In November, 1975, I visited New York City to attend the opening of Nine Rings Gallery, which featured a series of yantras, each of which was accompanied by specific taped indications for viewing, relating consciousness to the appropriate parts of the body, and with corresponding mantras. These yantras are used by the Arica Institute in meditation and relaxation exercises. During the summer of 1976 I enrolled in a 40-day training sponsored by Arica, at Seabury Hall on the Island of Maui. There I Participated in various exercises, using especially the yantras called "Universal Logos,""Birth of Light," and "Hypergnostic." Together with the yantra called "Harmonic Consciousness," valuable new course material and teaching methods were gained from this training.

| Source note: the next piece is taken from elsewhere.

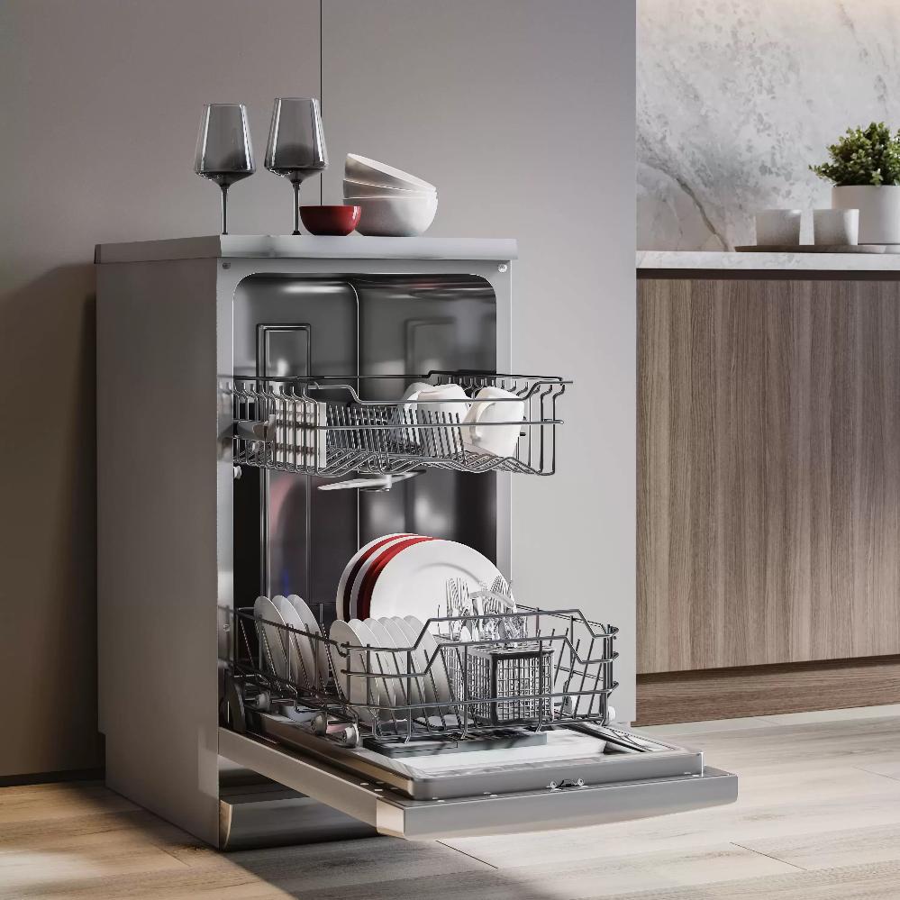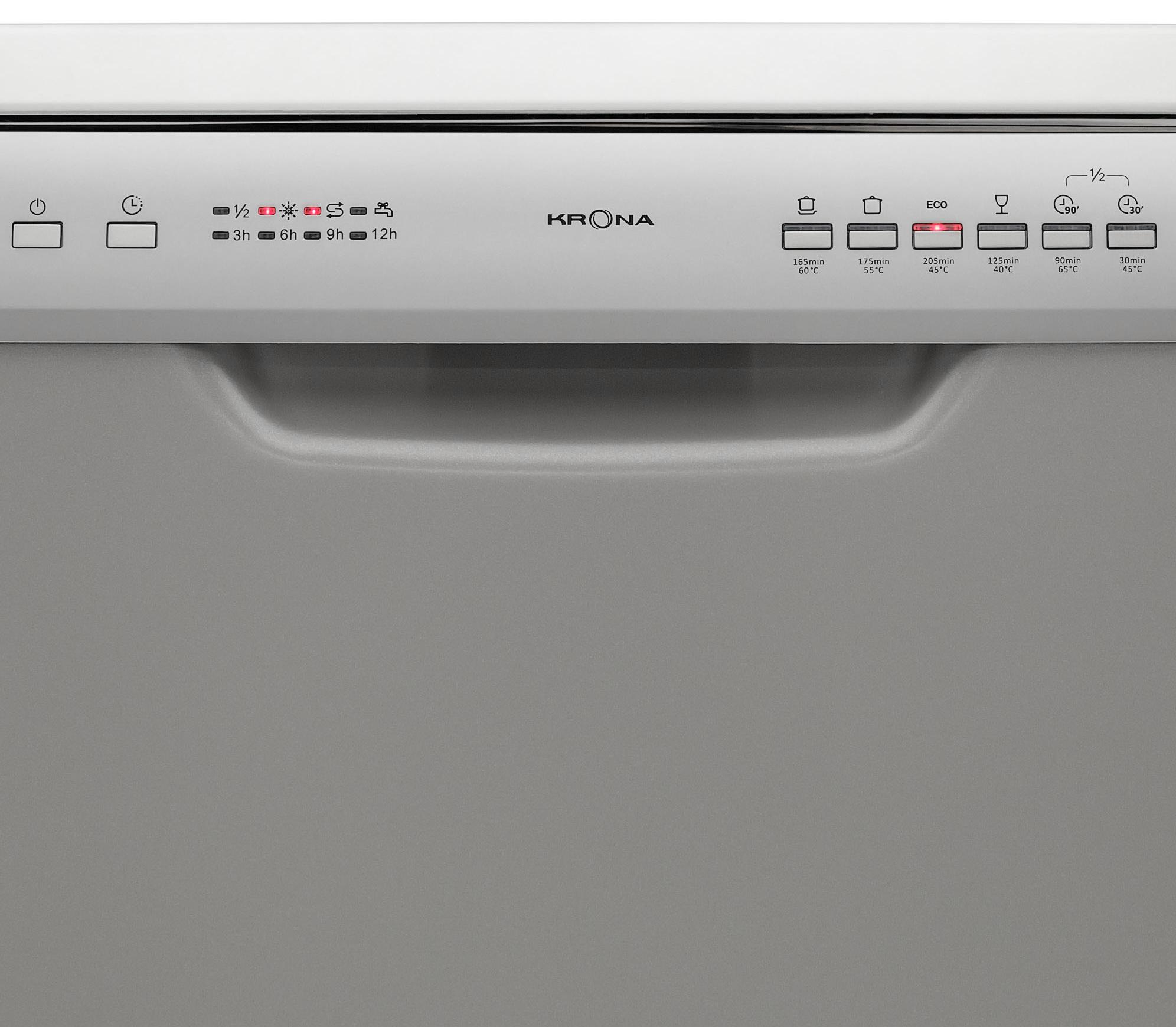 Отдельностоящая модель Крона отлично впишется в кухонный интерьер, главное — правильно выбрать место, чтобы подвести коммуникации. Имеет уменьшенную ширину — благодаря этому поместится даже на очень маленькой кухне. В камеру можно загрузить ограниченное число комплектов: 9 шт. Комплектом считается набор посуды на одного человека, который нужен для полноценного приема пищи: глубокая и плоская тарелки, тарелка для салата, блюдце под чашку, сама чашка, ложка и вилка.

The "Nine Hyper-gnostic Systems" provide inspiration for a new syllabus, some notes for which are appended.

Study of the Prajnaparamitahriday Sutra (The Heart Sutra) of Tibetan Vajrayana Buddhism, and practice of Kargyudpa meditation provided a principal source of enrichment per­sonally and academically. On two occasions during the sab­batical I was privileged to study with the Venerable Lama Chime, Rinpoche, who is, among other things, director of translating manuscripts in Tibetan for the British Museum. From Chime, Rinpoche I received instruction in Heart Sutra meditation, Chenreze visualization practice, and mantram. In addition, I had the opportunity to practice with the distinguished Lamas Dilgo Khentse; Tsenjur, Rinpoche; Kunga, Rimpoche; Tinley, Rinpoche; Trungpa, Rinpoche, and above all, the Sixteenth Gyalwa Karmapa, His Holiness Ranjung Dorje.

I participated in a seminar, "Physics and Consciousness," At Esalen Institute in February, 1976. Throughout the academic sabbatical I met with fellow scholars and colleagues committed to the study of perception and the evolution of consciousness. These experiences indicated a heartening possibility to develop a new approach to the fine arts in the curricula of the university and at earlier levels of education, in order to reintegrate specific aspects of the esoteric tradition within the Western exoteric, scientific methodology.

Implications of this period of contemplation and exercise are currently being developed in my teaching activities, and in the preparation of new course material. Several programs of publication derive from the year's work, including the Spencer Brown transcript and the Fourier optical transform analyses. An outline for a text on the history of architecture in relation to the "Nine Hypergnostic Systems" is in preparation. This work seeks to explore the nature and extent of relationship between the visualization practices of Arica and of Vajrayana Buddhism, clinical evidence from process neuro-architecture and the psychology of perception, traditional examples of graphic art, theories and practices of contemporary artists and the traditions from which they have learned, in terms of the mathematical model expressed by G. Spencer Brown in Laws of Form.